The last-minute settlement of Dominion Voting Systems’ lawsuit against Fox News defused a high-stakes test of the First Amendment protections afforded to the media. But more challenges are likely on the horizon.

Nearly 60 years after the Supreme Court’s unanimous decision in New York Times v. Sullivan, which made it harder for public figures to win libel cases against the media, the landmark ruling is under sustained assault from judges, politicians and lawyers, most but not all of them conservatives.

The Dominion lawsuit, in which the voting machine company sought $1.6 billion in damages from Fox News for spreading falsehoods about Dominion’s role in the 2020 elections, had the potential to reshape the debate.

If Fox News lost, a powerful news organization faced the prospect of record-breaking damages.
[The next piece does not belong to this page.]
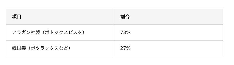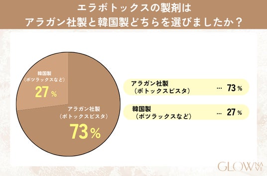 エラボトックスに使用された製剤は、「アラガン社製(ボトックスビスタ)」が全体の73%と多数を占め、「韓国製(ボツラックスなど)」は27%にとどまりました。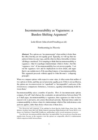 Incommensurability as vagueness: a burden-shifting argument.

But a victory for the cable news network would have raised questions — even among lawyers who represent the news media — about whether federal courts’ interpretations of the First Amendment made it impossible to hold anyone accountable for reckless and damaging lies.

It’s not a coincidence that a founder of one of the law firms that represented Dominion is leading a campaign to get the Supreme Court to overturn its decision in Sullivan.

The agreement by Fox News to settle for $787.5 million — among the largest payouts ever in a defamation lawsuit — means that the scope of the Sullivan ruling will not be tested this time.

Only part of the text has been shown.